Julie Kerr

Locum RVT

Posted: 12/06/2023


36-40k CAD. It is extremely variable as I can increase my yearly salary by working more.

I work 35-50 hours per week depending on contract + business needs. This is valid for when I am on contract, which is approximately 6 months/year. During downtime I work more like 20-30 hours/week.


I choose to travel to locum. Depending on location, it may or may not be necessary to travel


Integrity, inclusion, empathy. Sharing knowledge. Supporting myself and colleagues.


Julie is based in Canada but locum RVT/RVN work can be completed anywhere

Essential Skills

3-5 years clinical RVT experience
Good communication and a willingness to develop
Confidence in yourself and your professional abilities

Julie Kerr

Check out our Career Q & A questions below to take a deep dive into this career path.  If you’re interested in this type of career but unsure how to take the next step, click below to learn more about our services designed to support you.

After graduating as a Veterinary Technologist, I worked in remote general practice in a northern Canadian community for 6 years. We provide services of a general practice, and also emergency and on-call services. I learned a lot, while also working a lot. Ultimately, very quickly my work-life balance became too heavily weighted on the side of work, including the emotional burden of vet med itself, and I experienced burnout. After a lot of deliberation, I chose to leave the field, but after a couple years of healing, I recognized how much I still loved veterinary medicine. When I decided to return to vet med, I chose to do so as a locum RVT.

I was looking for a way to return to veterinary medicine that would allow me to maintain healthy boundaries while being able to support colleagues with additional help, as well as working to my passions. Locuming seemed like the right fit to my needs.

Veterinary Technology degree
Experience in the field
Set up as a self-employed business

The two very best parts for me are the freedom to clearly lay my boundaries and to provide support to my colleagues when I work as a locum in a vet clinic, which I find exceptionally rewarding.

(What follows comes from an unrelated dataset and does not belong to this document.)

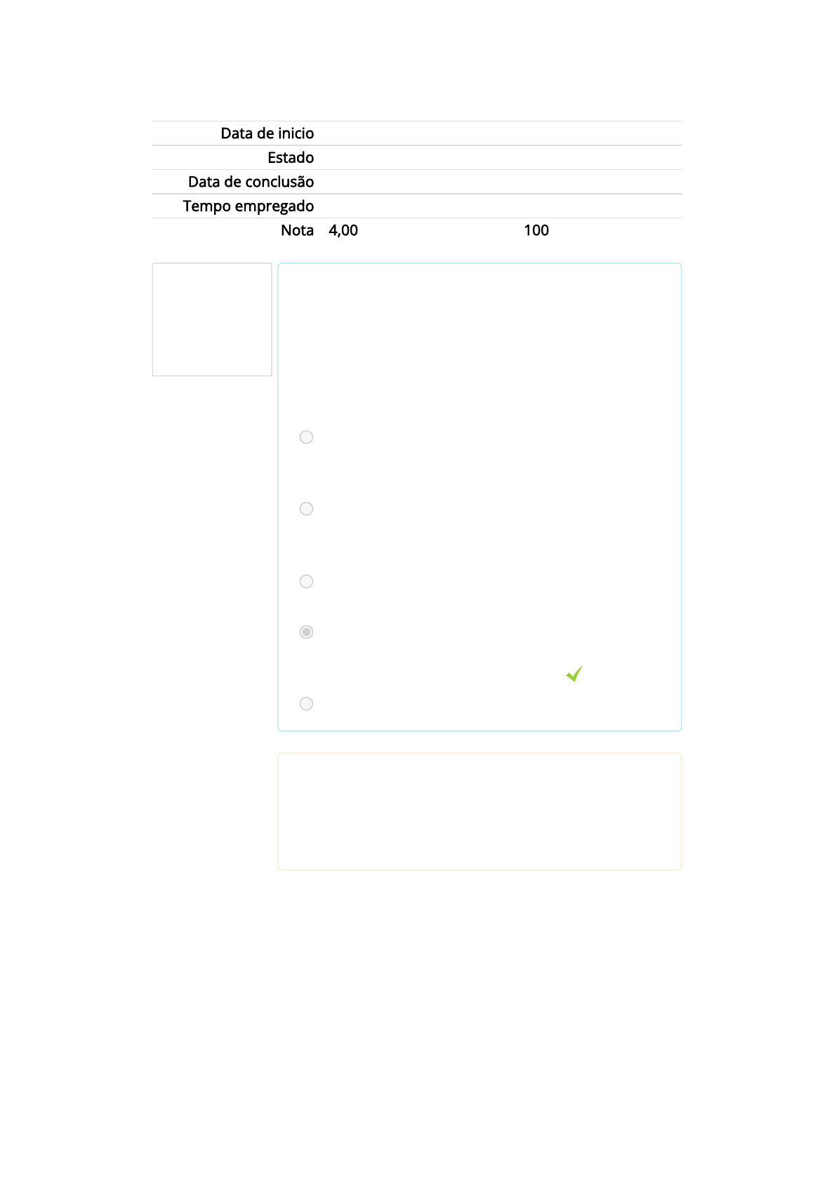 Questão 1 Correto Atingiu 1,00 de 1,00 Marketing Interno e Clima Organizacional ► AVALIAÇÃO ► ATIVIDADE DO ESTUDO DE CASO Data de inicio sexta, 5 Nov 2021, 14:04 Estado Finalizada Data de conclusão sexta, 5 Nov 2021, 14:19 Tempo empregado 14 minutos 48 segundos Nota 4,00 de um máximo de 4,00(100%) Após a aplicação de uma pesquisa dentro da organização foi possível veri�car alguns pontos falhos que desmotivavam os colaboradores daquela empresa. Nesse sentido leia as a�rmações e assinale a correta: Escolha uma: a. O principal aspecto destacado nesta pesquisa foi que os funcionários não gostavam de realizar horas extras; b. Plano de saúde e o vale alimentação eram somente os quesitos que não causavam satisfação nos colaboradores; c. Dentre os discutidos foi a falta de um refeitório próprio na organização; d. Vale alimentação, plano de saúde e a falta de creches próximas à organização são os principais agentes desmotivadores; e. Nenhuma das alternativas Sua resposta está correta. A resposta correta é: Vale alimentação, plano de saúde e a falta de creches próximas à organização são os principais agentes desmotivadores;. https://moodle.universoead.com.br/course/view.php?id=60 https://moodle.universoead.com.br/mod/quiz/view.php?id=2008 Questão 2 Correto Atingiu 1,00 de 1,00 Questão 3 Correto Atingiu 1,00 de 1,00 A organização ao passar por crises tende a procurar as técnicas de marketing para atingir seu publico alvo, ou seja, seus clientes. Entretanto, é necessário �car atento ao nosso cliente interno, nesse sentido assinale a alternativa correta sobre qual ferramenta é responsável por este publico: Escolha uma: a. Programas de carreiras; b. Incentivo a Quali�cação Pro�ssional; c. Ações de Endomarketing; d. Gestão por competências; e. Nenhuma das alternativas Sua resposta está correta. A resposta correta é: Ações de Endomarketing;. Quando os consultores chegaram a organização realizaram diversas ações, mediante a leitura do case qual foi a primeira ação tomada pelos consultores que é primordial dentro da perspectiva da implantação do Marketing interno: Escolha uma: a. Modi�car os problemas amenizando as situações com erros; b. Implantar mudanças a partir da fala dos gestores da alta administração; c. Executar uma análise apenas no chão de fábrica; d. Realizar diagnósticos, observações e pesquisas com todos envolvidos; e. Nenhuma das alternativas Sua resposta está correta. A resposta correta é: Realizar diagnósticos, observações e pesquisas com todos envolvidos;. Questão 4 Correto Atingiu 1,00 de 1,00 Dentro das abordagens que a consultoria realizou na organização, um dos fatores mais críticos identi�cados, era a rotatividade de funcionários. Sobre esse assunto, quais foram as ações tomadas pela InovaSolar a �m de resolver esse problema. Escolha uma: a. Implantou-se treinamentos, pois, faltava apenas essa ferramenta na organização para que ela conseguisse reter os talentos. b. Foi implantado um departamento para cuidar da seleção correta dos colaboradores, readequando as funções de acordo com o per�l dos funcionários. c. Implantou um sistema de instrução somente na alta administração para o momento da escolha dos funcionários. d. A consultoria concluiu que não era necessária nenhuma ação, já que os funcionários eram produtivos e motivados. e. A ação tomada pela consultoria foi de orientar a gerência a demitir todos os funcionários velhos de casa, já que esses, já não eram tão produtivos e, contratar novo colaboradores com o per�l correto para cada cargo. Sua resposta está correta. A resposta correta é: Foi implantado um departamento para cuidar da seleção correta dos colaboradores, readequando as funções de acordo com o per�l dos funcionários. .

Some of the downsides are that in order to locum from my base in the Yukon, every time I work I must leave home, as well as the uncertainties that are inherent in self-employment.

Something that is both one of the best bits and is also a downside is the constant adaptation required when joining new teams at a vet clinic. Fun and challenging at the same time!

Because I travel, I tend to locum in a large chunk of time, then return home and have downtime.

When I am providing locum services, then I am doing RVT tasks, and every clinic I go to has me do slightly different things.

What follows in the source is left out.